## About this task:
Lines from the one containing "These weathered copper" through the last line of the records below need to be repeated exactly; nothing else, and no pictures.
───── Source material
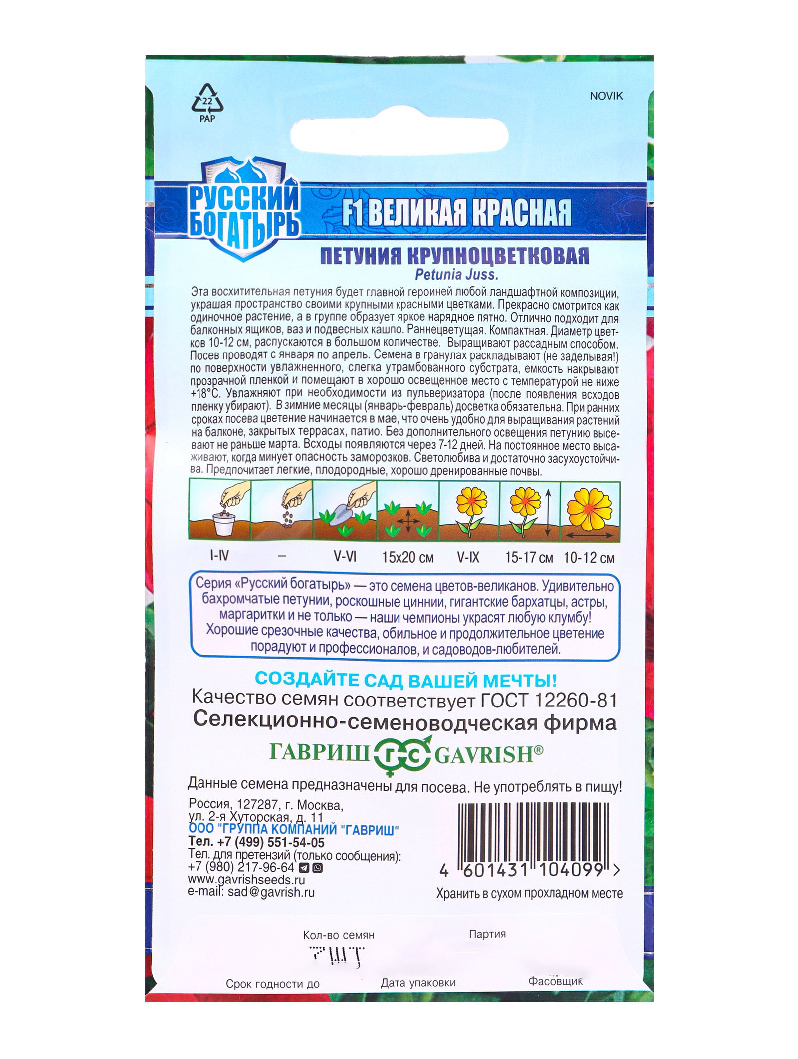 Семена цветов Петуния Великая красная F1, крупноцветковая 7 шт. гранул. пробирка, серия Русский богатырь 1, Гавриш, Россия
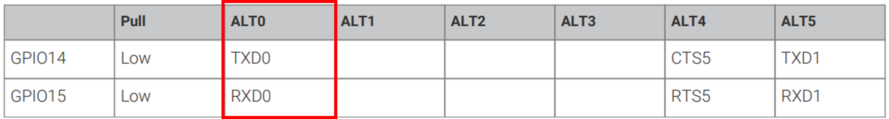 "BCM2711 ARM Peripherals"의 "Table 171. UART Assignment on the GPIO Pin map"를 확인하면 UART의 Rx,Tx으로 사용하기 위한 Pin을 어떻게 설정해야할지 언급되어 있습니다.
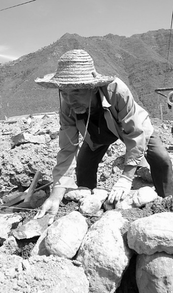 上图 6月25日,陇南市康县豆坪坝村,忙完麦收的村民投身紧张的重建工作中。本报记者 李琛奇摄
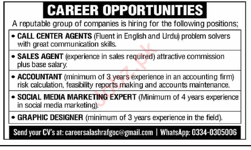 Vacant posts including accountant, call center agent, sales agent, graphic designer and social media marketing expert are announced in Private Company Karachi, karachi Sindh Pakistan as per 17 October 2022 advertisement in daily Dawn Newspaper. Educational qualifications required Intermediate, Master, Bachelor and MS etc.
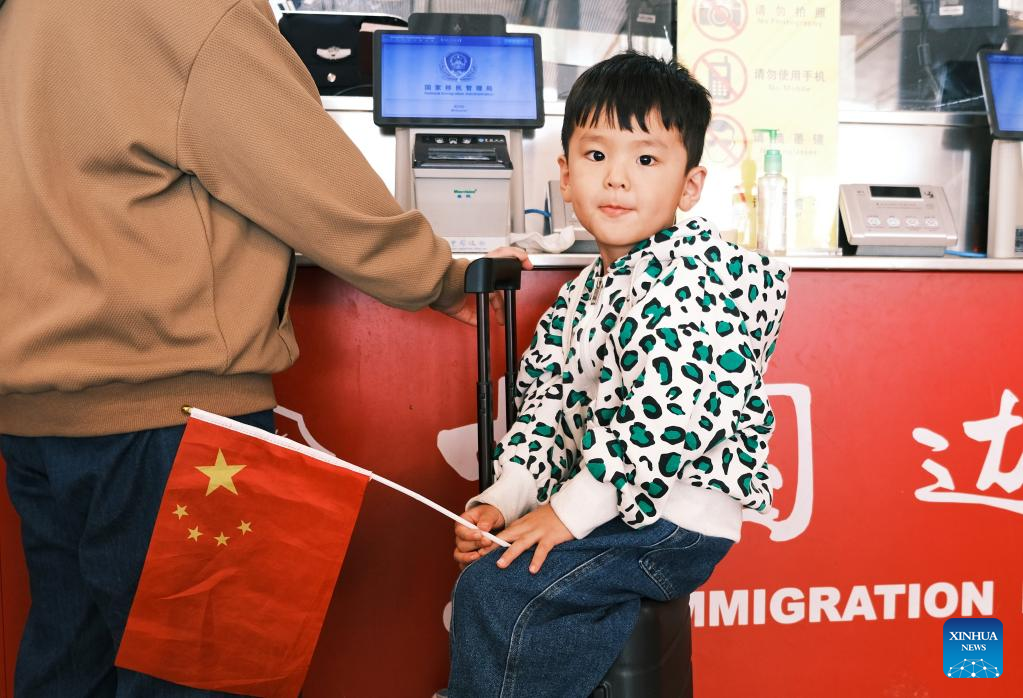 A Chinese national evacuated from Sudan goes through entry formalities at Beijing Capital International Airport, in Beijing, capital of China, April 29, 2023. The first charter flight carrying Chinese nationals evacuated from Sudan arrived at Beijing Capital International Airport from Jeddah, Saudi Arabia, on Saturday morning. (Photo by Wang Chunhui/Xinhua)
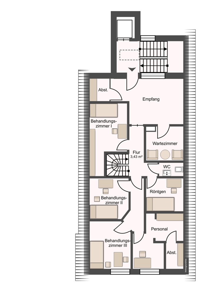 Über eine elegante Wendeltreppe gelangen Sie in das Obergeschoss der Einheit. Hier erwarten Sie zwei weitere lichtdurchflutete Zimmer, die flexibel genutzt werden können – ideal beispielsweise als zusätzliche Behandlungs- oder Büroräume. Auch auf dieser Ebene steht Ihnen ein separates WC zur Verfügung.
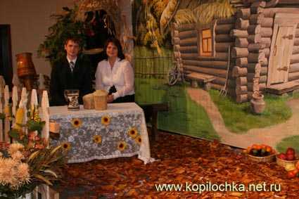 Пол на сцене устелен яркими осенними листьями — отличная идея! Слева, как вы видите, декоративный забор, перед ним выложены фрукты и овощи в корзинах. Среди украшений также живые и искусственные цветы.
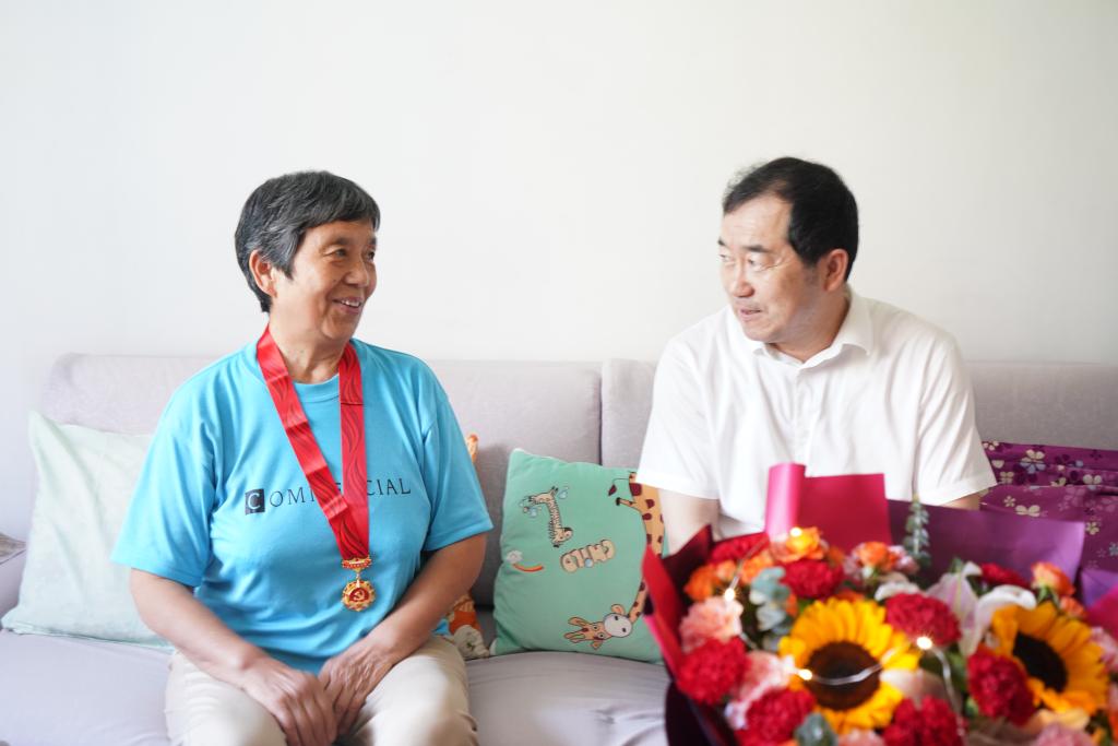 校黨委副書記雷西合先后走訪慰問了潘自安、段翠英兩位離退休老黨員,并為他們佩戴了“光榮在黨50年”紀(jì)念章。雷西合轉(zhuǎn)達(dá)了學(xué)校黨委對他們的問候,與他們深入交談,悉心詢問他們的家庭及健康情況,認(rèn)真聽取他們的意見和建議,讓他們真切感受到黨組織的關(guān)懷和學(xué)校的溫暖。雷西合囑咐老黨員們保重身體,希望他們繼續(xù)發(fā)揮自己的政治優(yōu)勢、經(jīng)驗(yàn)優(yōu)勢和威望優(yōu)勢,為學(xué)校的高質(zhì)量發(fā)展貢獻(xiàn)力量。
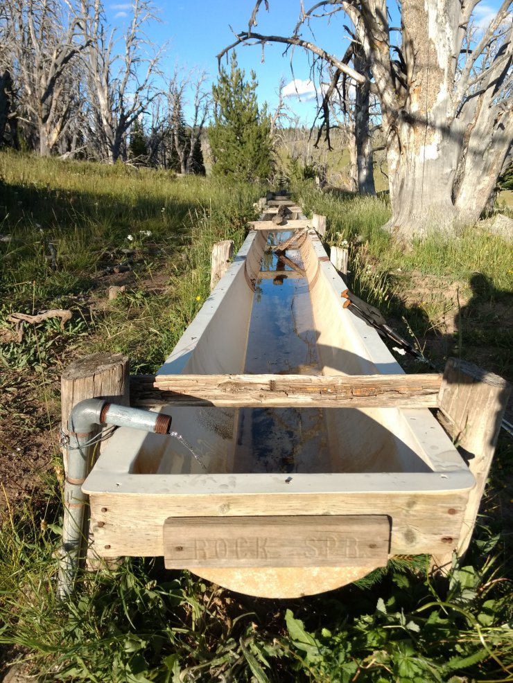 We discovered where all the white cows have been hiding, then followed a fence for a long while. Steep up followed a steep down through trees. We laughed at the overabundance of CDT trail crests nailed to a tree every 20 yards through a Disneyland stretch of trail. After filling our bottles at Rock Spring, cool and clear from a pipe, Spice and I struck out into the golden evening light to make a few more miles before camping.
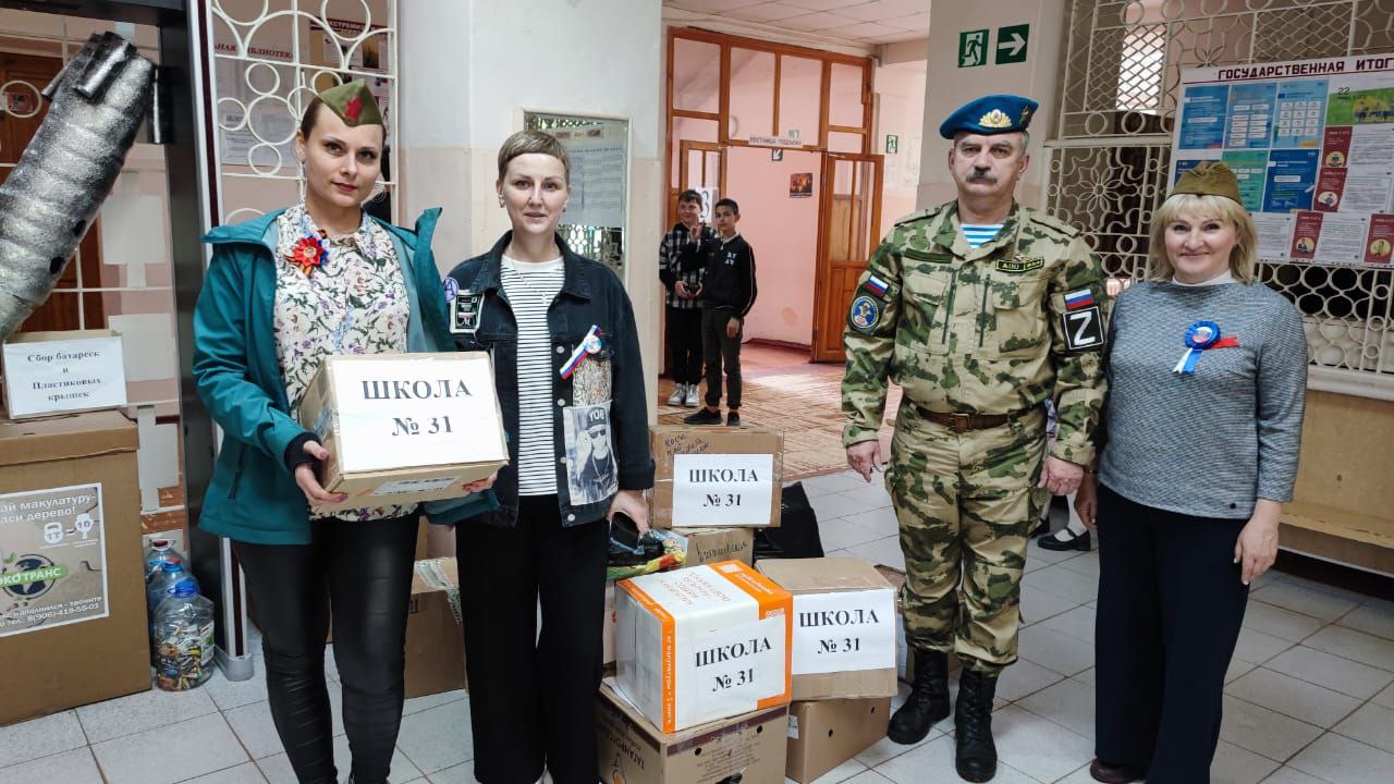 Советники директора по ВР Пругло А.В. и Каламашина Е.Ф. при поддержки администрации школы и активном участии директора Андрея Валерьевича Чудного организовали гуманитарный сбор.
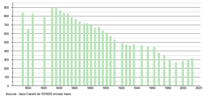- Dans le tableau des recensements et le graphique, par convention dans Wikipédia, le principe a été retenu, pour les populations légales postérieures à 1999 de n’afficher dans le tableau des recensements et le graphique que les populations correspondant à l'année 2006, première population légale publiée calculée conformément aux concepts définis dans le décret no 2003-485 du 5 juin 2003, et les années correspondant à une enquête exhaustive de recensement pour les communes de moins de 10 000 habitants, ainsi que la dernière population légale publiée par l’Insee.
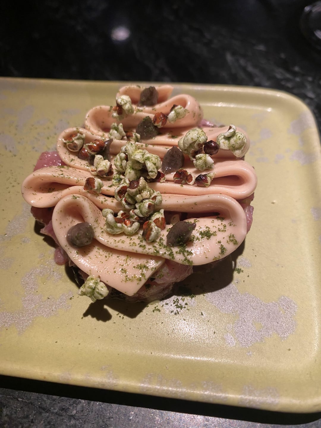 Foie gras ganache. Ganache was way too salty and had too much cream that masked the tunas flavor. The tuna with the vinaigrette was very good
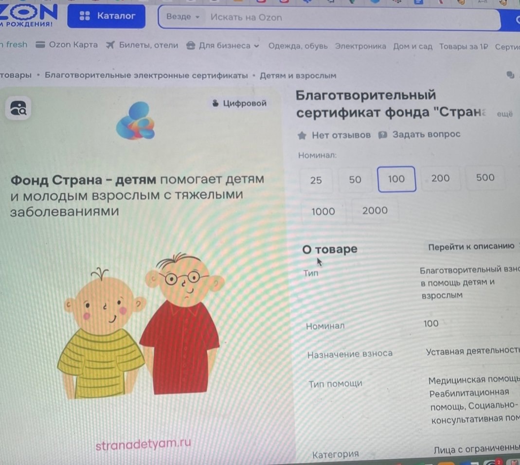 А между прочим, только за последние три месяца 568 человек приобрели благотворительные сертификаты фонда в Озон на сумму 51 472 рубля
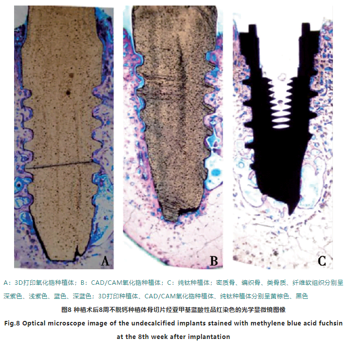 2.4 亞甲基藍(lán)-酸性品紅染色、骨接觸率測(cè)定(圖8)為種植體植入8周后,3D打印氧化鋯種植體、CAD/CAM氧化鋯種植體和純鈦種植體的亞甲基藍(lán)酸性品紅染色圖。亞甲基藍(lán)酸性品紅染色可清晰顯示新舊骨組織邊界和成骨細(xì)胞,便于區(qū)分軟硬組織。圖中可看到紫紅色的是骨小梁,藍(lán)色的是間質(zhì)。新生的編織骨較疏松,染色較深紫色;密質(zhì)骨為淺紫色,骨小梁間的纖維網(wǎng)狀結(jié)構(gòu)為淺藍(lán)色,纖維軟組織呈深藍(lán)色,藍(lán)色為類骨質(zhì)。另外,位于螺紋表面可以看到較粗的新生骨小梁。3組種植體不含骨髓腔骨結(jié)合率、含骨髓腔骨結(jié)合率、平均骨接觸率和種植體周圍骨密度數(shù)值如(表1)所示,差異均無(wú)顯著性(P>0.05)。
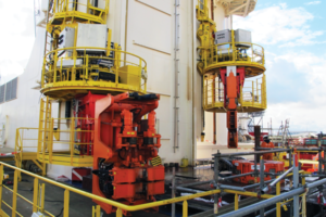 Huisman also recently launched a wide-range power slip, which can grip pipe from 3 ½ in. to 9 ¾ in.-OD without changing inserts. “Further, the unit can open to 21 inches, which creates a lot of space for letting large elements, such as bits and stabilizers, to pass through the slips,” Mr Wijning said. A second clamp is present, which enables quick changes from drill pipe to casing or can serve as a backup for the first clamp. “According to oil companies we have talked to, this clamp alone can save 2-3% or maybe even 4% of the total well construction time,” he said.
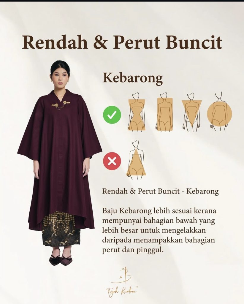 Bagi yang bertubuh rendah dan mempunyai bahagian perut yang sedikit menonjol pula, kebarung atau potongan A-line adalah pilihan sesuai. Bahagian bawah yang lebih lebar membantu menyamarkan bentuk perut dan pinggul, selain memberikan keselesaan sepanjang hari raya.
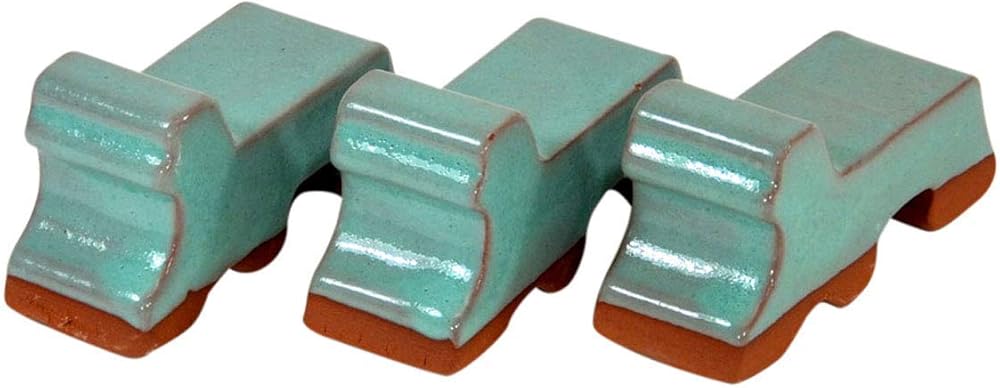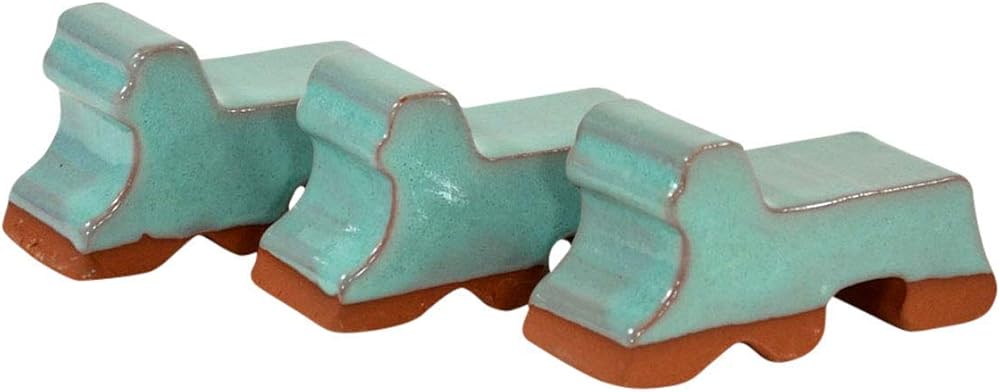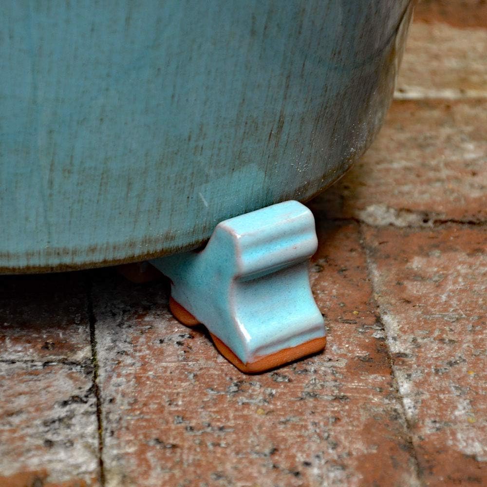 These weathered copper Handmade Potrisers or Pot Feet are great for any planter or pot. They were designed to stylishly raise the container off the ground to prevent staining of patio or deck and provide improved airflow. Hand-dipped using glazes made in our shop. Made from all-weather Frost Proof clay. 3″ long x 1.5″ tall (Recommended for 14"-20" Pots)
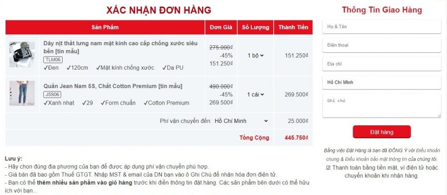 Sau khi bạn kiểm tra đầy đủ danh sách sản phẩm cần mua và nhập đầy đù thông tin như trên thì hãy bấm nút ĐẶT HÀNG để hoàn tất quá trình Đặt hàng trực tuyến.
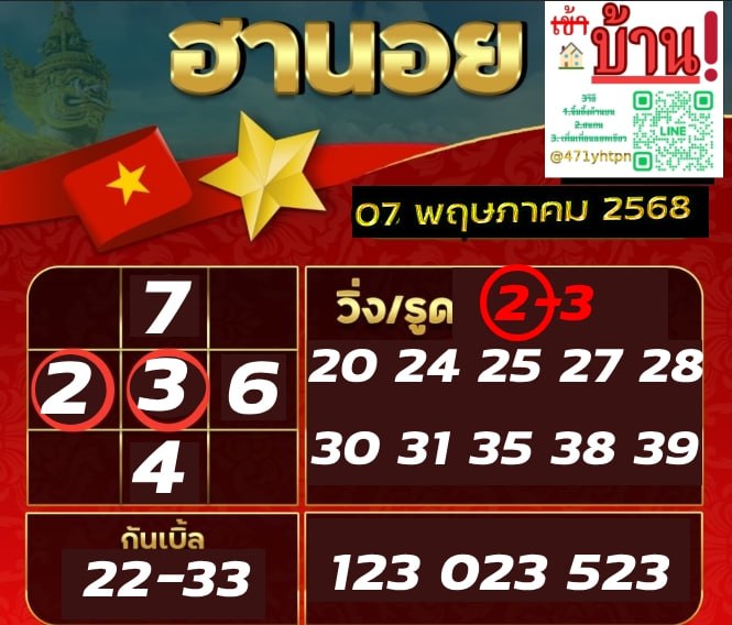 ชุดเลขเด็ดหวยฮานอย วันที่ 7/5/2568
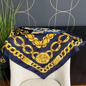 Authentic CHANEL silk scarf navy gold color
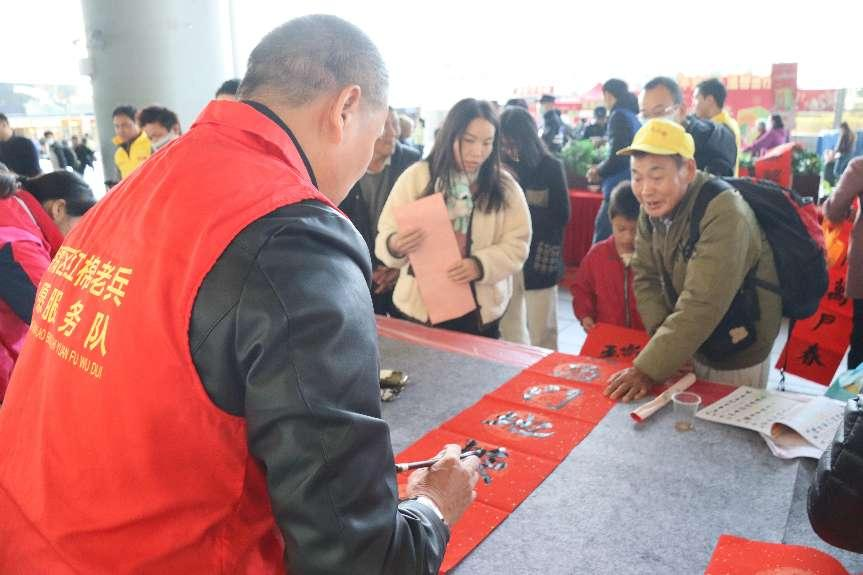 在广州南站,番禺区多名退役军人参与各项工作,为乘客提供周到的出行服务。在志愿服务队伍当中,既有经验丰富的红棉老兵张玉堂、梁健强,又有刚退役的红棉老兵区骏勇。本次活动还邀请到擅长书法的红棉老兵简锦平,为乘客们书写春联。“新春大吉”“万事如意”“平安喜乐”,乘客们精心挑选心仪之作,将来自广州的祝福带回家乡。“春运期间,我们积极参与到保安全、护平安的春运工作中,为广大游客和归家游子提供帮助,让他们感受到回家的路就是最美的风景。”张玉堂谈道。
──────────
## Your solution:
 These weathered copper Handmade Potrisers or Pot Feet are great for any planter or pot. They were designed to stylishly raise the container off the ground to prevent staining of patio or deck and provide improved airflow. Hand-dipped using glazes made in our shop. Made from all-weather Frost Proof clay. 3″ long x 1.5″ tall (Recommended for 14"-20" Pots)
 Sau khi bạn kiểm tra đầy đủ danh sách sản phẩm cần mua và nhập đầy đù thông tin như trên thì hãy bấm nút ĐẶT HÀNG để hoàn tất quá trình Đặt hàng trực tuyến.
 ชุดเลขเด็ดหวยฮานอย วันที่ 7/5/2568
 Authentic CHANEL silk scarf navy gold color
 在广州南站,番禺区多名退役军人参与各项工作,为乘客提供周到的出行服务。在志愿服务队伍当中,既有经验丰富的红棉老兵张玉堂、梁健强,又有刚退役的红棉老兵区骏勇。本次活动还邀请到擅长书法的红棉老兵简锦平,为乘客们书写春联。“新春大吉”“万事如意”“平安喜乐”,乘客们精心挑选心仪之作,将来自广州的祝福带回家乡。“春运期间,我们积极参与到保安全、护平安的春运工作中,为广大游客和归家游子提供帮助,让他们感受到回家的路就是最美的风景。”张玉堂谈道。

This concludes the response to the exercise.